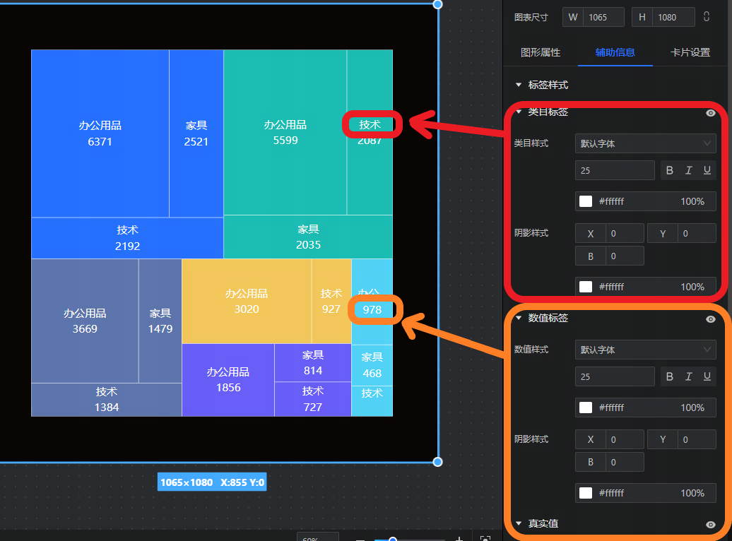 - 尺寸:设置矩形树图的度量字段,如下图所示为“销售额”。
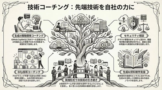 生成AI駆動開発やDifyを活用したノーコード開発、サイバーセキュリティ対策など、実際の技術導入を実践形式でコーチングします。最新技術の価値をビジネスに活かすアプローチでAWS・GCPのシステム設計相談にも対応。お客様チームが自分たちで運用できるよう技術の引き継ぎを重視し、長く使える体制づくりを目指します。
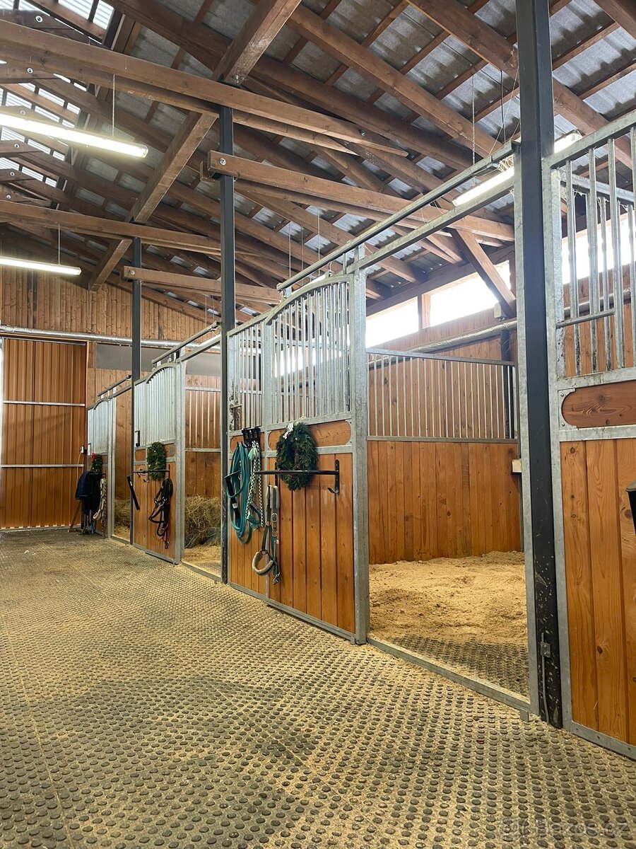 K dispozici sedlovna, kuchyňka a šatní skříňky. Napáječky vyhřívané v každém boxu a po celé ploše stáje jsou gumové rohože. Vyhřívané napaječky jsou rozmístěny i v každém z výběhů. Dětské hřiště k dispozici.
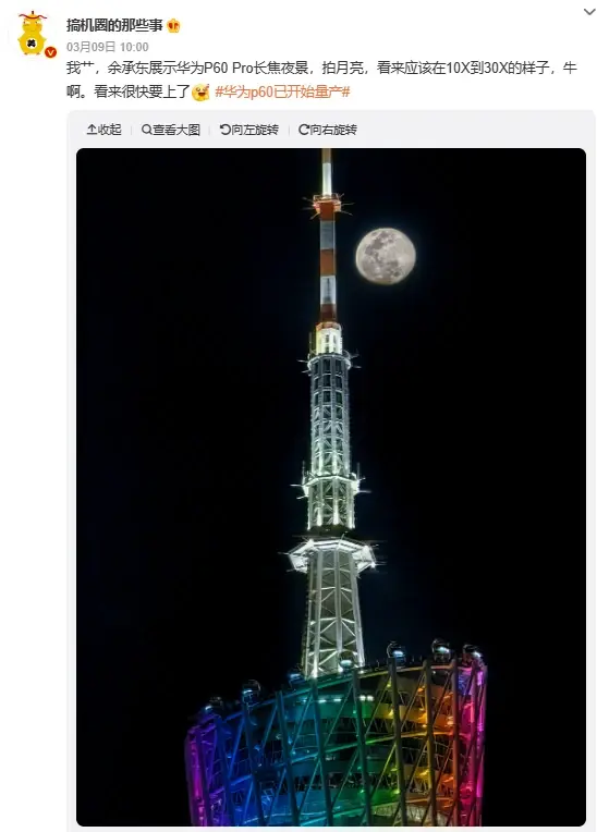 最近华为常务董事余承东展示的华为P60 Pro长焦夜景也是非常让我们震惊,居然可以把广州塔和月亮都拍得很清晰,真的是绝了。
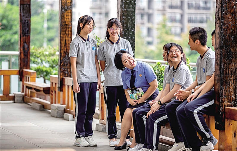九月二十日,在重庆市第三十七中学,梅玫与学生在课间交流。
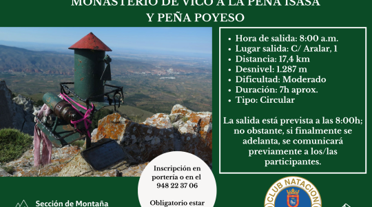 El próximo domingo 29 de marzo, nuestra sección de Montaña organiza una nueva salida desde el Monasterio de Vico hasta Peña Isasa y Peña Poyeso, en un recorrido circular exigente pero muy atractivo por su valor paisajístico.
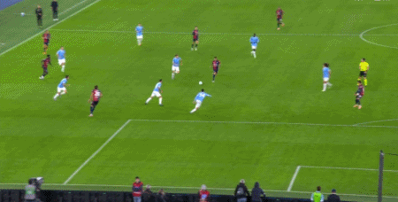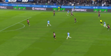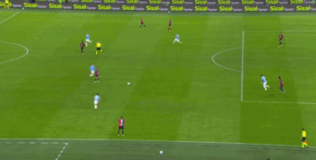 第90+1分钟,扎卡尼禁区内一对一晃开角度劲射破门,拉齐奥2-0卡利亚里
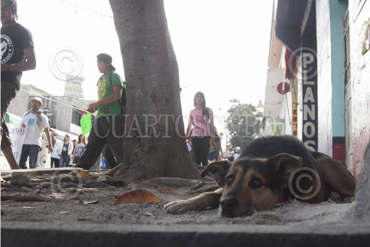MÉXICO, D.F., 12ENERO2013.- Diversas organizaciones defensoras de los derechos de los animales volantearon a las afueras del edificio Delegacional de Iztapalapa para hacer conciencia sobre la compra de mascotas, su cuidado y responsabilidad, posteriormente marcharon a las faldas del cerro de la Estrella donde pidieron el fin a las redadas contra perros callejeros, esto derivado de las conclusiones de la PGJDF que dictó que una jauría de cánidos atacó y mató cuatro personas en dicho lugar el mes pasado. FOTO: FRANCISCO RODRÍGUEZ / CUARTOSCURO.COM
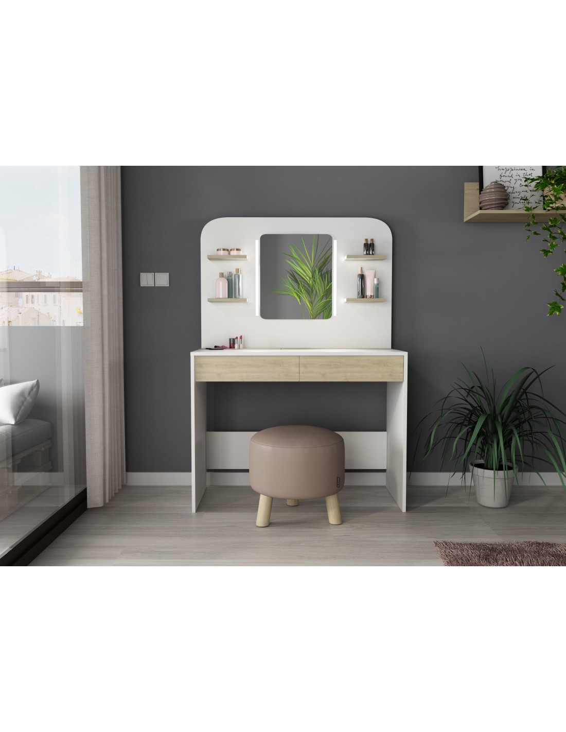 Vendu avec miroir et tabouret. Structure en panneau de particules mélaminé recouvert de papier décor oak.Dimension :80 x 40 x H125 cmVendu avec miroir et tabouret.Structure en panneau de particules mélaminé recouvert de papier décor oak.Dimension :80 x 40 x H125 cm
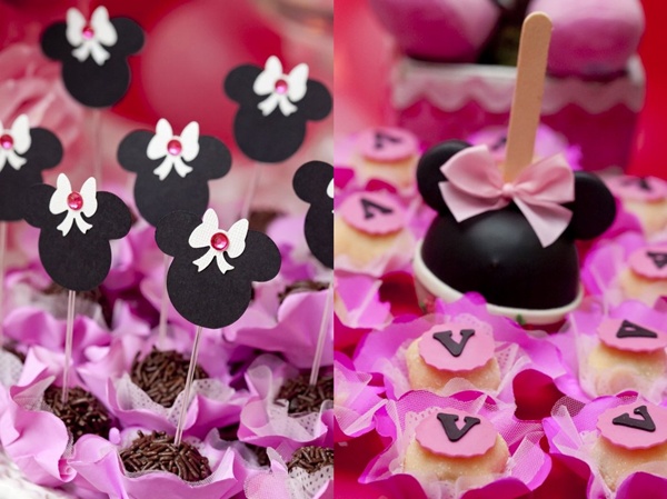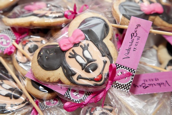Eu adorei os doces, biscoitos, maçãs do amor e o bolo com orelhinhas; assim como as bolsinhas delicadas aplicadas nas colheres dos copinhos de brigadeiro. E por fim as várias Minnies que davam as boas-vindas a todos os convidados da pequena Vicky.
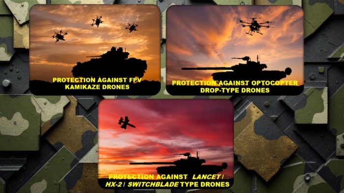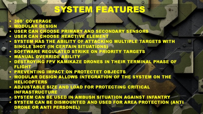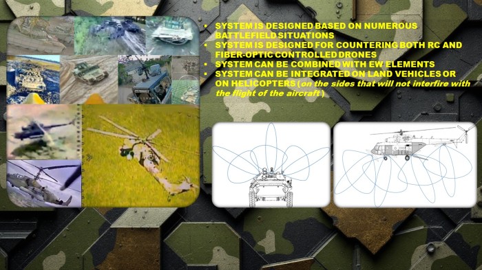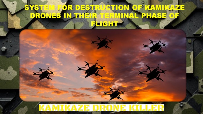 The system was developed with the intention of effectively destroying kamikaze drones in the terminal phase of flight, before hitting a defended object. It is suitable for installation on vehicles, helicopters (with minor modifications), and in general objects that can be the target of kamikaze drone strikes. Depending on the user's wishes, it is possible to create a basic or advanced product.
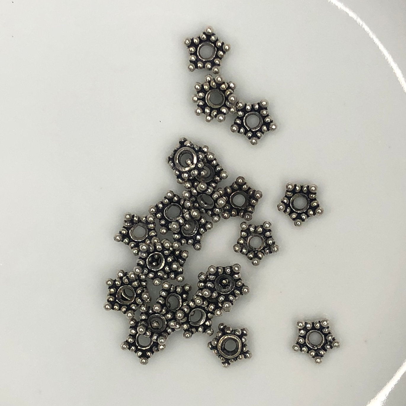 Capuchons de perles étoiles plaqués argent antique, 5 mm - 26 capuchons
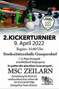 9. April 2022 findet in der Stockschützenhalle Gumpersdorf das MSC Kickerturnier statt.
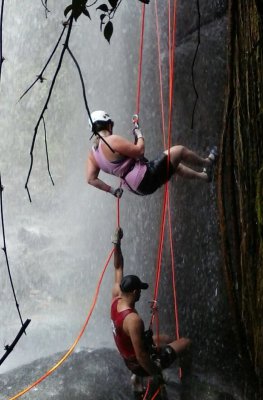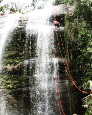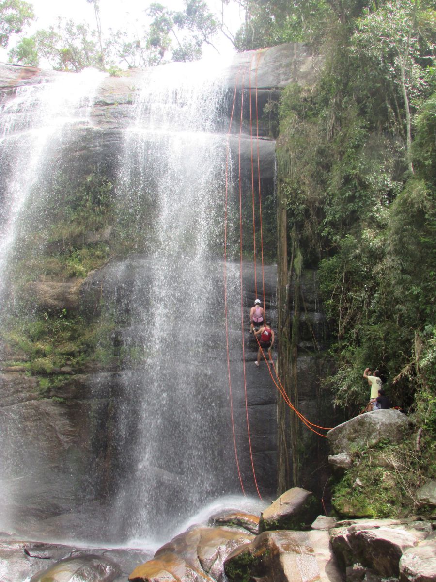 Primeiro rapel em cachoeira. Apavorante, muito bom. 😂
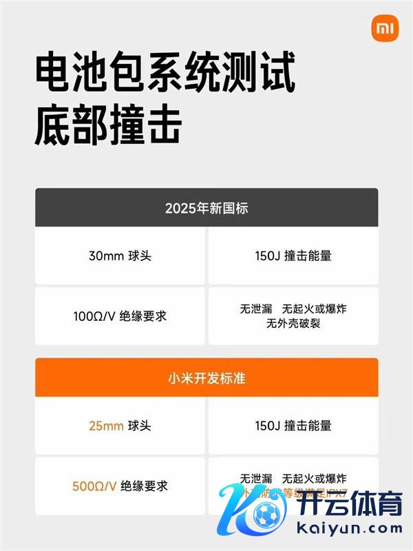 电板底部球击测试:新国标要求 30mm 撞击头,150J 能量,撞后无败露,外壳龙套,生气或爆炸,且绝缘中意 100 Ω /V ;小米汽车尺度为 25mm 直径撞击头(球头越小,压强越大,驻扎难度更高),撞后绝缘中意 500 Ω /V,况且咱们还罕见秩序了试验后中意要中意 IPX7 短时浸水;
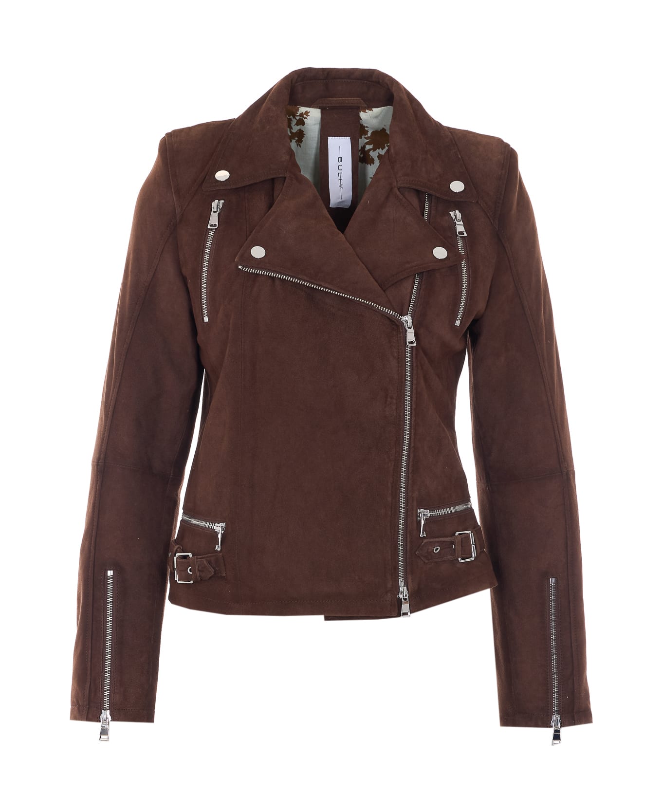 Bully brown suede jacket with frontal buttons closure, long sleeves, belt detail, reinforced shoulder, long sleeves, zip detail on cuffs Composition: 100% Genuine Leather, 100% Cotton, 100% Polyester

== == ==

• [Problem description] Everything from the first line of the listing above through the line that contains "生成AI駆動開発やDifyを" is to be restated word for word, minus the pictures.

• [Task output]
 - 尺寸:设置矩形树图的度量字段,如下图所示为“销售额”。
 生成AI駆動開発やDifyを活用したノーコード開発、サイバーセキュリティ対策など、実際の技術導入を実践形式でコーチングします。最新技術の価値をビジネスに活かすアプローチでAWS・GCPのシステム設計相談にも対応。お客様チームが自分たちで運用できるよう技術の引き継ぎを重視し、長く使える体制づくりを目指します。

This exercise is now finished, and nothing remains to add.